Proclamar Libertação – Volume 39
Prédica: Marcos 6.1-13
Leituras: Ezequiel 2.1-5 e 2 Coríntios 12.2-10
Autor: Flávio Schmitt
Data Litúrgica: 6º Domingo após Pentecostes
Data da Pregação: 05/07/2015
Sobre o texto de Marcos 6.1-13 há um auxílio homilético publicado no PL XXXIII. Além disso, a perícope aparece segmentada em outras edições. A perícope de Marcos 6.1-6 está contemplada nas edições XVI, XXII e XXVIII. A perícope de Marcos 6.6b-13 consta nas edições de número XIX e XXV. Isso significa que essa passagem já mereceu a atenção de seis colaboradores do PL.
A escolha do texto para o Sexto Domingo após Pentecostes está relacionada com o tema da missão. No texto de Ezequiel 2.1-5, é apresentada a visão do profeta. Ele é chamado para ser atalaia de Israel (Ez 2.1-3.21). Ezequiel ouve a voz de Deus (v. 1), que o chama de Filho do homem e pede para que fique em pé (v. 2). O profeta recebe então a missão para falar (v. 3) a um povo acomodado e indiferente à palavra do profeta (v. 4). Porém, independente da reação dos ouvintes, a missão do profeta é falar (v. 5). Essa é sua vocação.
Em 2 Coríntios 12.2-10, Paulo menciona o “espinho na carne”, símbolo de sua fraqueza e condição, que não lhe permite gloriar-se por ser mensageiro de Deus. Contudo não se sente constrangido com as adversidades da missão (v.10). Pelo contrário, tem consciência de estar “carregando” a cruz.

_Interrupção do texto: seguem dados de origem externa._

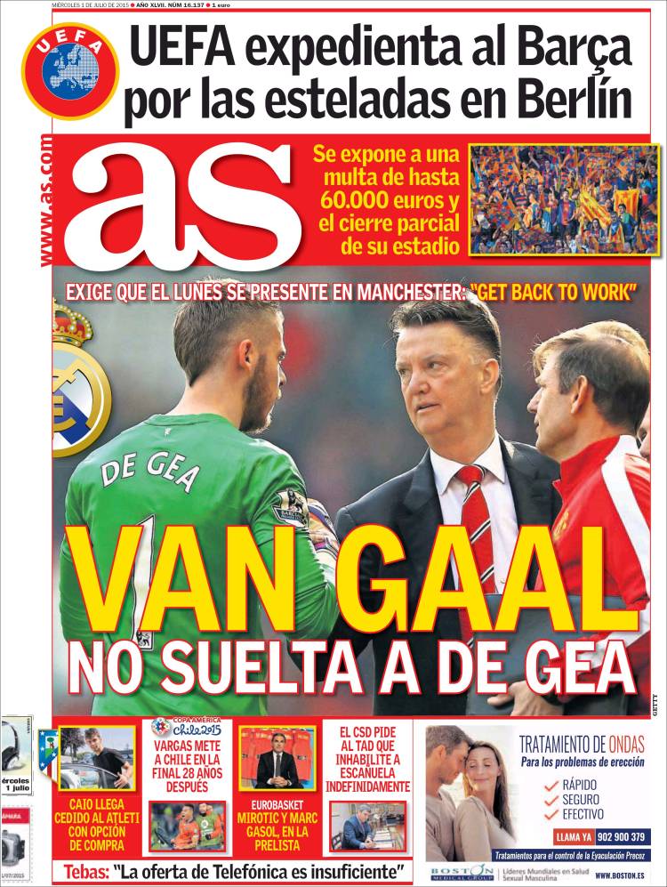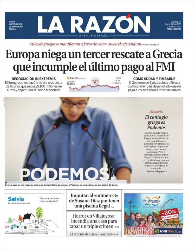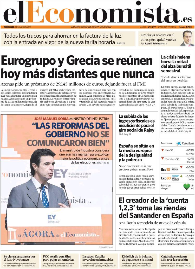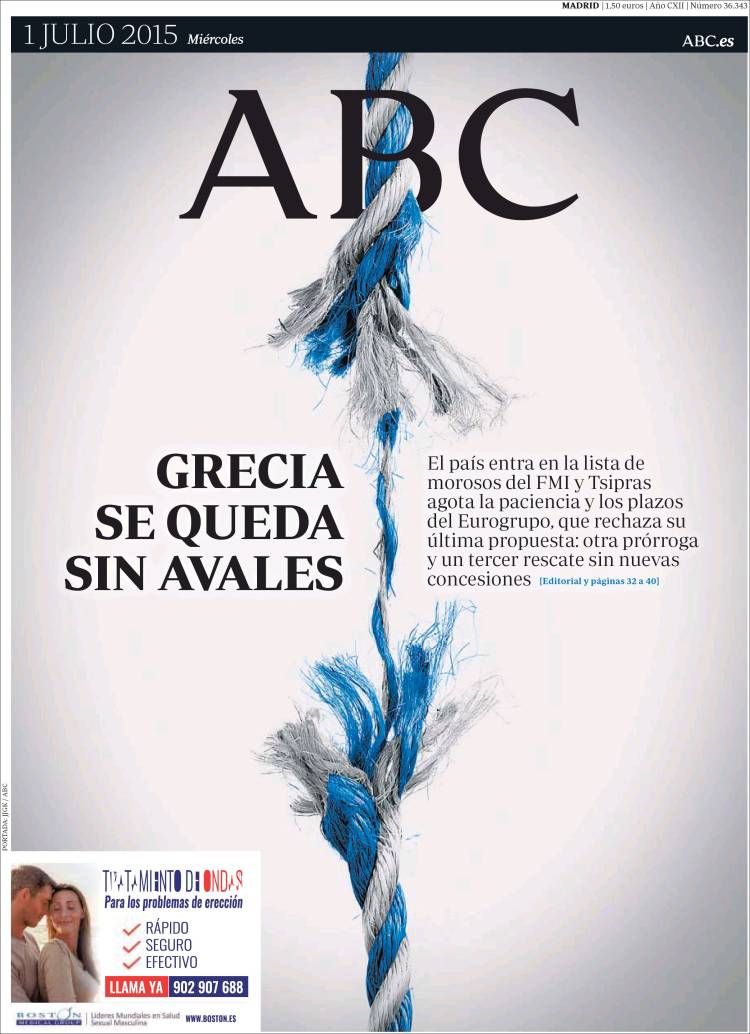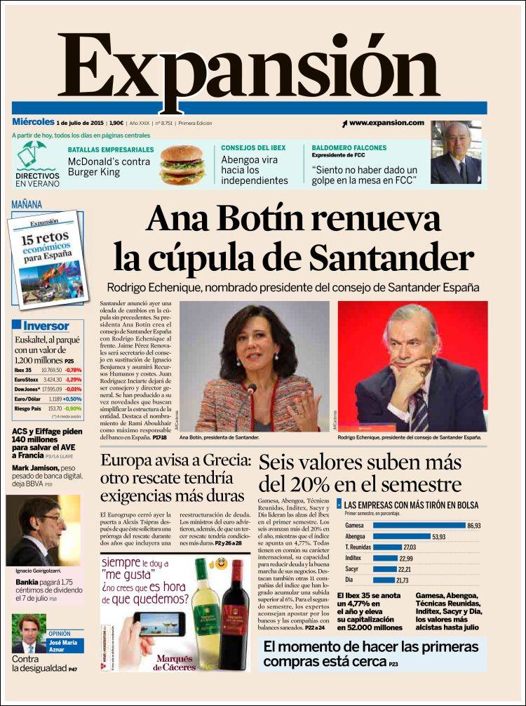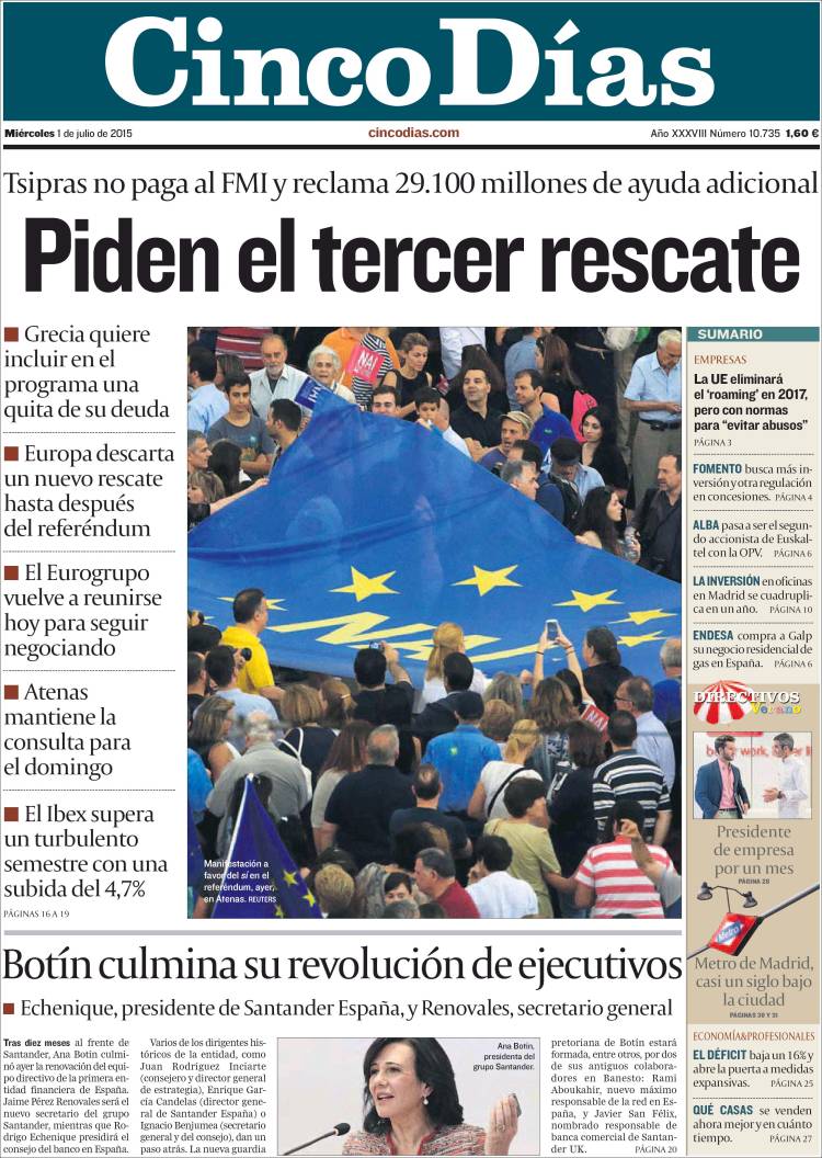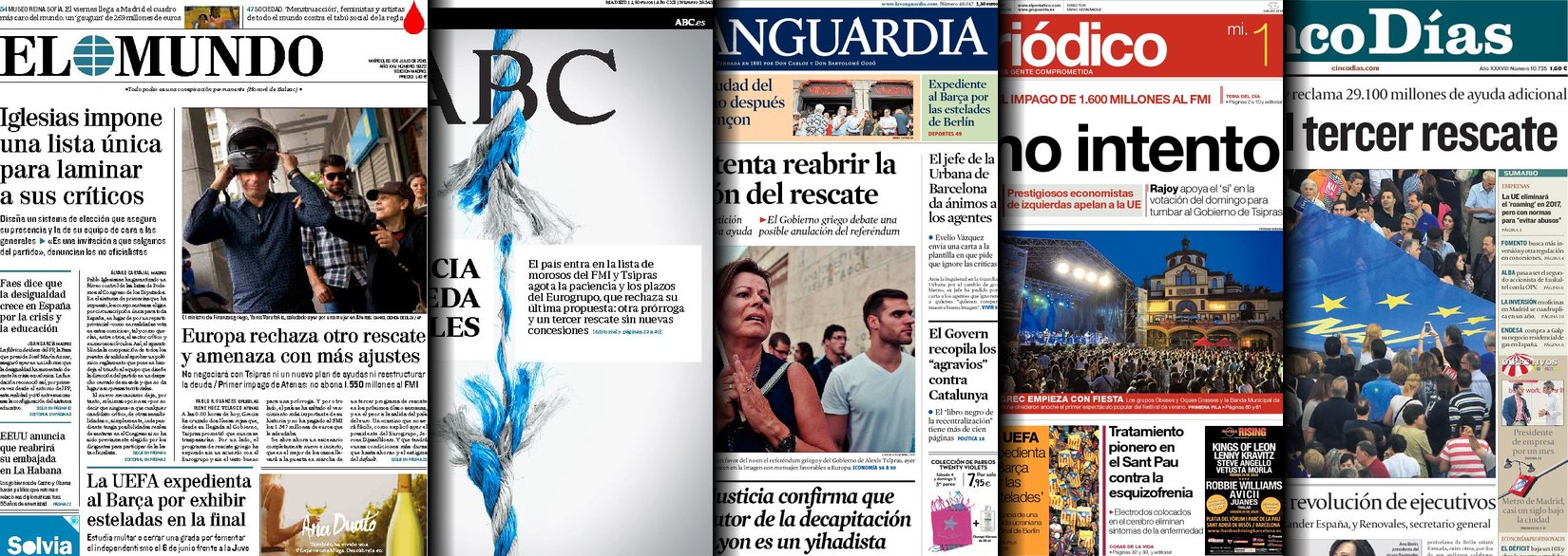Portadas de los diarios El Mundo, El País, ABC, La Razón, La Vanguardia, El Periódico, Cinco Días, El Economista, Expansión, Marca, As, Mundo Deportivo y Sport.Portadas de los diarios ABC, As, Cinco Días, El Periódico y La Vanguardia.
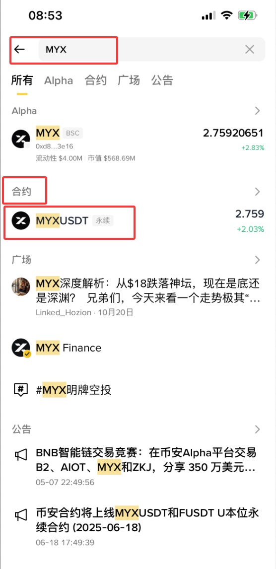 3、输入【MYX】,这时下拉会显示合约MYX usdt,点击【MYXUSDT】。

O Evangelho de Marcos tem sido objeto de inúmeras investigações. As conclusões da alta crítica continuam prevalecendo na compreensão do evangelho. Marcos é o evangelho mais antigo. Segundo a teoria das fontes, serviu de fonte para os demais sinóticos. Além disso, inaugura o gênero evangelho.
A estrutura do Evangelho de Marcos apresenta três partes. A atividade de Jesus começa na Galileia, passa pela Samaria e culmina em Jerusalém, na Judeia. Nessa estrutura, demarcada pelo espaço geográfico, está inserida uma estrutura literária que permite dividir o evangelho em duas partes. A primeira inclui Marcos 1.1-8.26. A segunda compreende Marcos 8.27-16.8 (Brown, p. 206). Portanto o texto de Mc 6.1-13 está inserido no primeiro bloco de textos do evangelho.
O texto de Mc 6.1-13 apresenta duas partes. A primeira, Mc 6.1-6a, tem como conteúdo a volta de Jesus a Nazaré, sua terra natal. A segunda parte, Mc 6.6b-13, trata da missão dos doze, do envio dos discípulos por Jesus. Na perícope imediatamente anterior, Mc 5.35-43, Jesus chega à casa de Jairo para ressuscitar sua filha. Na perícope que segue o texto de Mc 6.6b-13, há um relato sobre a atividade de Herodes (Mc 6.14-29). Chama atenção que entre o envio (6.1-6) e o retorno (6.30-32) dos discípulos está esse texto sobre Herodes e relacionado com a morte de João Batista (Mc 6.14-29). Portanto Jairo e Herodes demarcam a moldura do texto. Nos dois textos está em discussão o tema da ressurreição.
Marcos 6.1-6a
V. 1 – Até agora, o centro da atividade pública de Jesus havia sido Cafarnaum. Dessa localidade Jesus estabelece o primeiro circuito pela Galileia (1.39) e faz uma viagem de ida (4.35) e volta (5.21) pelo lago de Tiberíades.
Uma nova configuração geográfica passa ser tecida na narrativa. Jesus agora vai a Nazaré e dali inicia uma segunda rodada pela Galileia (6.6b). Vai a Betsaida (6.45), retorna (6.53) e depois segue para a região de Tiro e Sidon (7.24), retornando pela Decápolis (7.31). Depois visita Dalmanuta (8.10) e Betsaida outra vez (8.22). Em seguida, entra em Cesareia de Filipe (8.27), sobe e desce uma montanha (9.2,9) e pela Galileia volta a Cafarnaum (9.33). Na sequência, começa a jornada para Jerusalém (10.1).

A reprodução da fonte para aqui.